Rebecca Sutton Koeser bio photo

Rebecca Sutton Koeser

Lead Developer at Princeton University Center for Digital Humanities, PhD in English Literature.

Twitter LinkedIn Github ORCID iD Keybase Humanities Commons
Saxifraga cochlearis

Saxifraga cochlearis

In his poem A Sort of a Song, William Carlos Williams wrote “no ideas but in things” and “saxifrage is my flower that splits the rocks.” What I’m doing here almost certainly isn’t what he meant– in fact, I may be doing the reverse, in that I am taking a poem and words and, in a sense, converting it back to, or at least representing it as, its component “things.” Even though it isn’t quite what Williams intended, these lines kept coming to mind as I worked ont his post, and it seems related to the things in poetry I’m discussing here.
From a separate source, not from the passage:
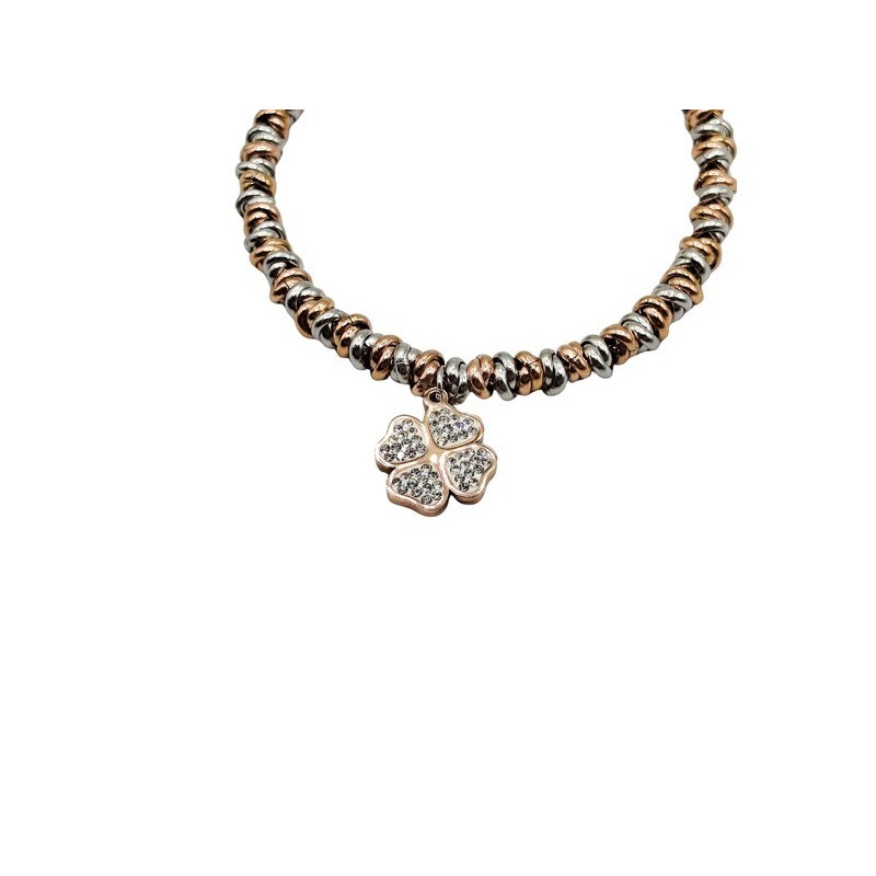 Bracciale da donna in acciaio bicolor con quadrifoglio e zirconi naturali. L'articolo verrà spedito in confezione originale IL GIOIELLO DI PANI.
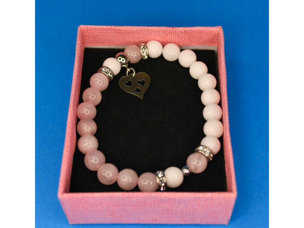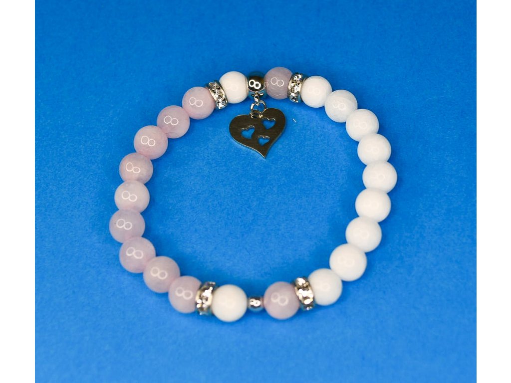 Náramek s jadeitem, křišťálem a srdíčkem z chirurgické oceli

Early on, near the beginning of this project, when we were experimenting with some of the tools and technologies we thought we might use to improve the process of identifying and tagging names in XML text, I noticed some strange output when I ran some of the poetry from the Belfast group sheets against the DBPedia Spotlight annotation service. Because I wasn’t restricting the identified resources to persons, places, or organizations (which is what our tools usually do when we’re trying to identify names to be tagged, e.g. in the NameDropper OxygenXML plugin we’re developing), it was identifying things like “potato”, “rock”, “eye”, “mouth”, “hand”, and “root” in the text. We’re now at the point in the project that we’re starting to shift towards using the tools we’ve been developing to enhance the EAD and TEI XML associated with the Belfast Group, and as I’ve begun working on tagging some of the poetry I was reminded of this and thought it might be worth a little more investigation and thought.

For this experiment, I restricted myself to Seamus Heaney’s poem Digging, as it appears in the draft on one of the Belfast group sheets (there are some slight wording differences from the published version).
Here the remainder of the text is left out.